RNA-seq and qRT-PCR analysis of RsbHLH genes

Total RNA was extracted from the flesh tissues using Trizol reagent (Promega, Madison, WI, USA). The purity, concentration, and integrity of RNA were detected by the NanoPhotometer® spectrophotometer (IMPLEN, CA, USA), the Qubit® 2.0 Flurometer (Life Technologies, CA, USA), and the Bioanalyzer 2100 system (Agilent Technologies, CA, USA), respectively. After the RNA quality assessment, 30 sequencing libraries were generated using the NEBNext® Ultra™ Directional RNA Library Prep Kit according to the Illumina manufacturer's protocols (NEB, USA). The quality of libraries was checked by the Agilent Bioanalyzer 2100 system. Finally, 150 bp paired-end sequencing was performed on an Illumina Hiseqxten platform. After screening, the high-quality clean reads were aligned to the reference Raphanus sativus L. genome using the HISAT2 software [41]. The mapped clean reads were calculated to obtain the read count for each gene according to the mapping results by the featureCounts software [42]. The expression level of each gene was estimated using the fragments per kilobase of exon per million mapped reads (FPKM) value, which was calculated using the countToFPKM package (https://github.com/AAlhendi1707/countToFPKM). The formula is as follows: \(\text{FPKM} = \frac{{10}^{6}{\text{C}}}{\text{NL/}{10}^{3}}\), where C is the number of fragments that specially mapped to the gene, N is the total number of fragments that specially mapped to the reference genome, and L is the number of bases in the coding region of the gene. Genes were considered to be differentially expressed genes (DEGs) between GF and WF with FDR value ≤ 0.05, Padj value < 0.01and |log2 FC|≥ 1.5 based on the DEGSeq R package [43]. The expression patterns of RsbHLH genes in the five developmental stages were presented by the TBtools software [44].

Fifteen bHLH genes were randomly chosen to be verified by qRT-PCR. The specific primers of fifteen genes were designed by the Primer5 software, and the primer sequences were listed in Additional file 9. QRT-PCR was performed using the Bio-Rad Real-Time PCR platform with quant one step qRT-PCR Kit (Tian gen). Actin gene was used as the internal control to standardize the results, and 2−ΔΔCT method was applied to calculate the relative expression level [45]. The all reactions were carried out with the following conditions: 95 °C for 15 min and 40 cycles of 95 °C for 10 s, 60 °C for 30 s. After each run, a melting curve was generated to ensure the product specificity and to check for the presence of primer dimers.

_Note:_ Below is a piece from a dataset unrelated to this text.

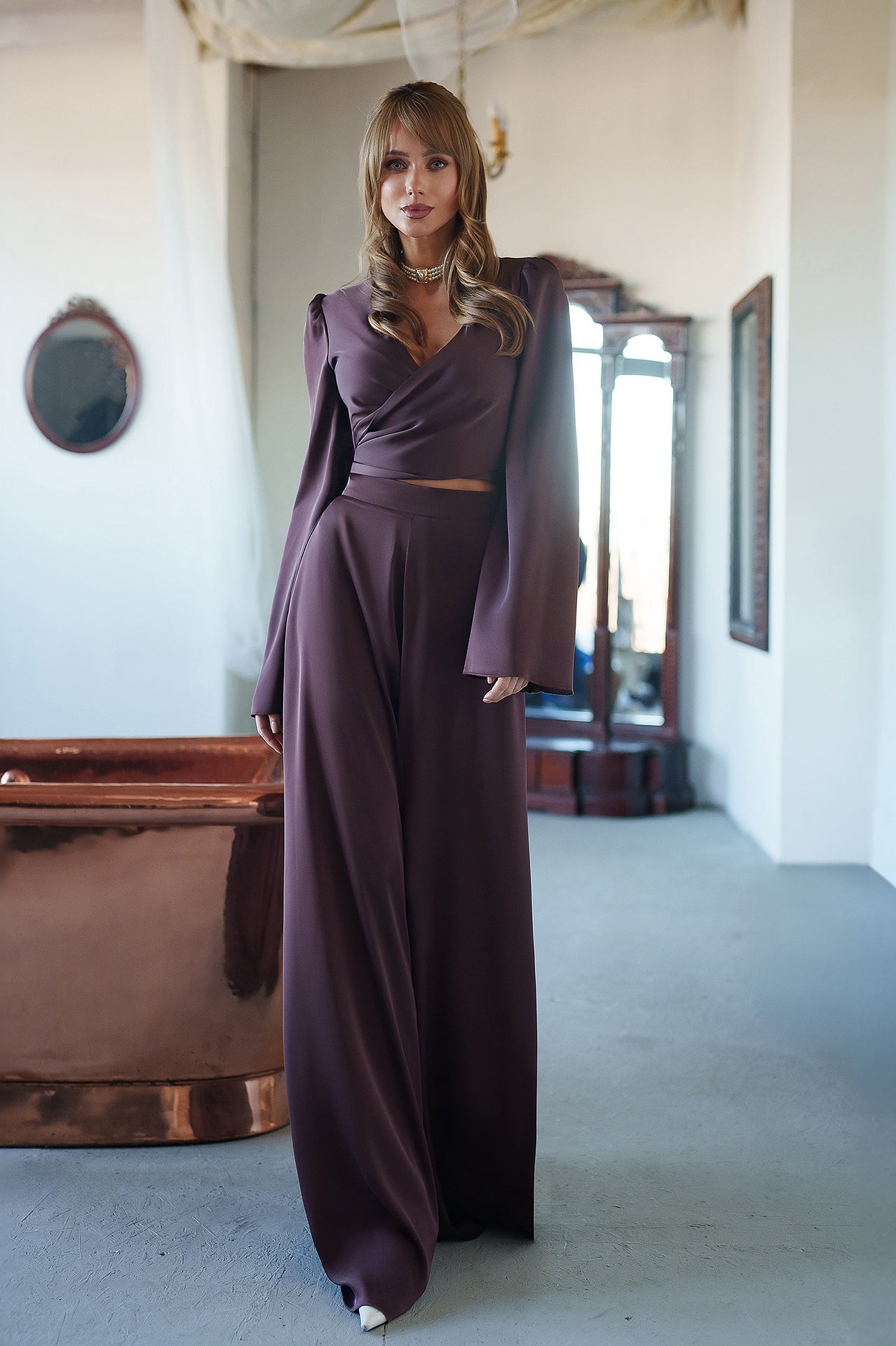 Brown Satin Bell-Sleeve Wrap Top & Wide-Leg Pants 2-Piece Set

The weighted gene co-expression network analysis

The co-expression network of DEGs was constructed using WGCNA package in Rstudio [46]. The PickSoftThreshhold function was used to confirm a soft threshold (power) value according to the approximate Scale-free Topology Criterion. The soft threshold was 10 to establish the co-expression network on the basis of the adjacency matrix. The automatic network construction function blockwiseModules was applied to obtain weighted co-expression clusters, called modules, with the following operating parameters: power = 10, TOMType = unsigned, minModuleSize = 30, reassignThreshold = 0, minKMEtoStay = 0.3, mergeCutHeight = 0.25. The data on chlorophyll content was derived from our previous research results [1].